Monitoring and observation
Temporal emits metrics by default in a format that is supported by Prometheus. Monitoring and observing those metrics is optional. Any software that can pull metrics that supports the same format could be used, but we ensure it works with Prometheus and Grafana versions only.
- Prometheus >= v2.0
- Grafana >= v2.5
Visibility
Temporal has built-in Visibility features. To enhance this feature, Temporal supports an integration with Elasticsearch.
- Elasticsearch v7.10 is supported from Temporal version 1.7.0 onwards
- Elasticsearch v6.8 is supported in all Temporal versions
- Both versions are explicitly supported with AWS Elasticsearch
mTLS encryption
Temporal supports Mutual Transport Layer Security (mTLS) as a method of encrypting network traffic between services within a Temporal Cluster, or between application processes and a Cluster.

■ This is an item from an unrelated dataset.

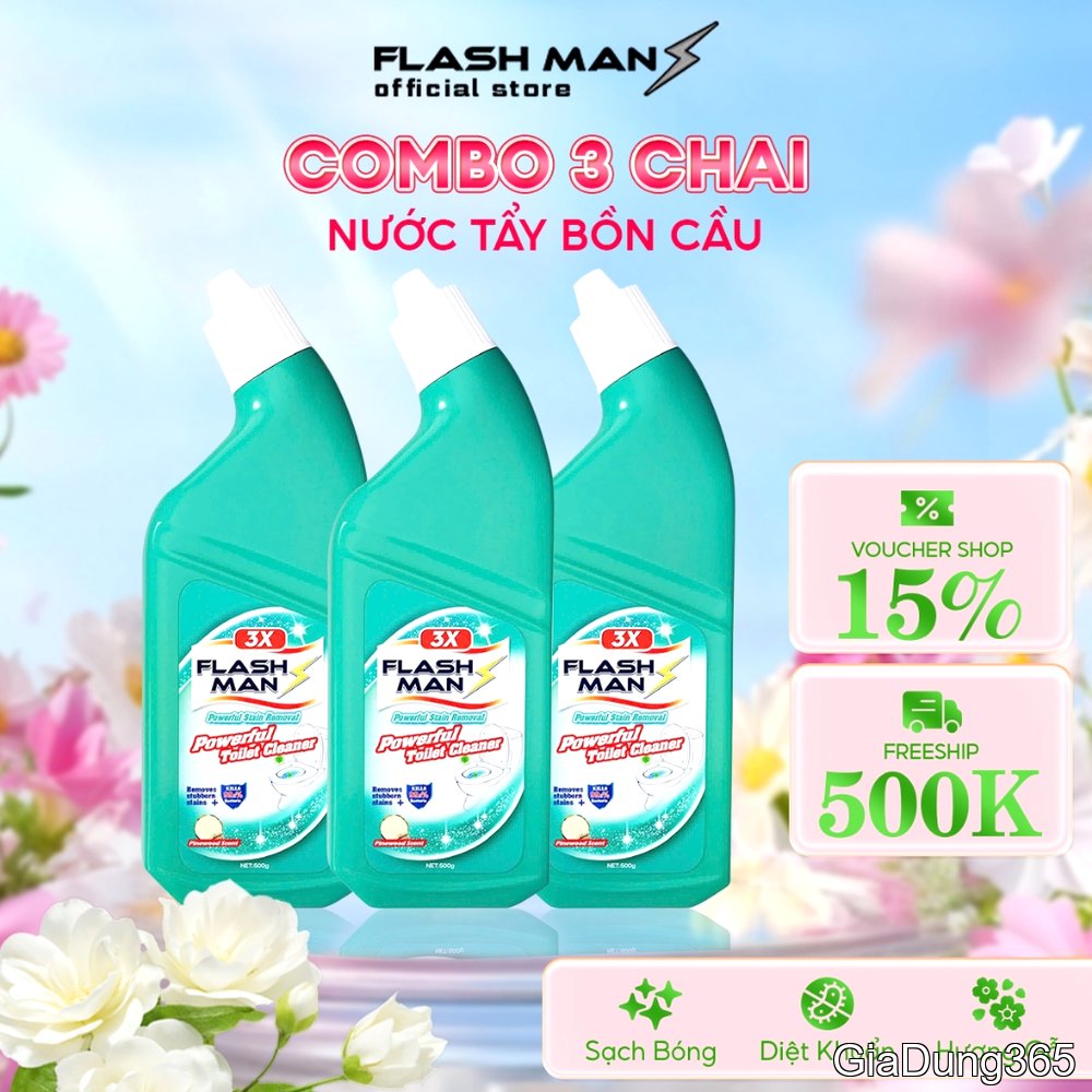 Đánh giá [COMBO 3 CHAI] Nước Tẩy Bồn Cầu Flashman 500g – Diệt Khuẩn 99.9% – Khử Mùi, Tẩy Sạch Vết Bẩn | Shopee Việt Nam

Mutual TLS can be enabled in Temporal’s TLS configuration.
This configuration can be passed through WithConfig
or WithConfigLoader
.
This configuration includes two sections that serve to separate intra-cluster and external traffic. That way, different certificates and settings can be used to encrypt each section of traffic:
internode
: configuration for encrypting communication between nodes within the Cluster.frontend
: configuration for encrypting the Frontend's public endpoints
Temporal Client connections
A client's network access can be limited by using certificates issued by a specific Certificate Authority (CA).
To restrict access to Temporal Cluster endpoints, use the clientCAFiles
or clientCAData
property and the requireClientAuth
property.
These properties can be specified in both the internode
and frontend
sections of the mTLS configuration.
Server name specification
Specify the serverName
in the client
section of your mTLS configuration to prevent spoofing and MITM attacks.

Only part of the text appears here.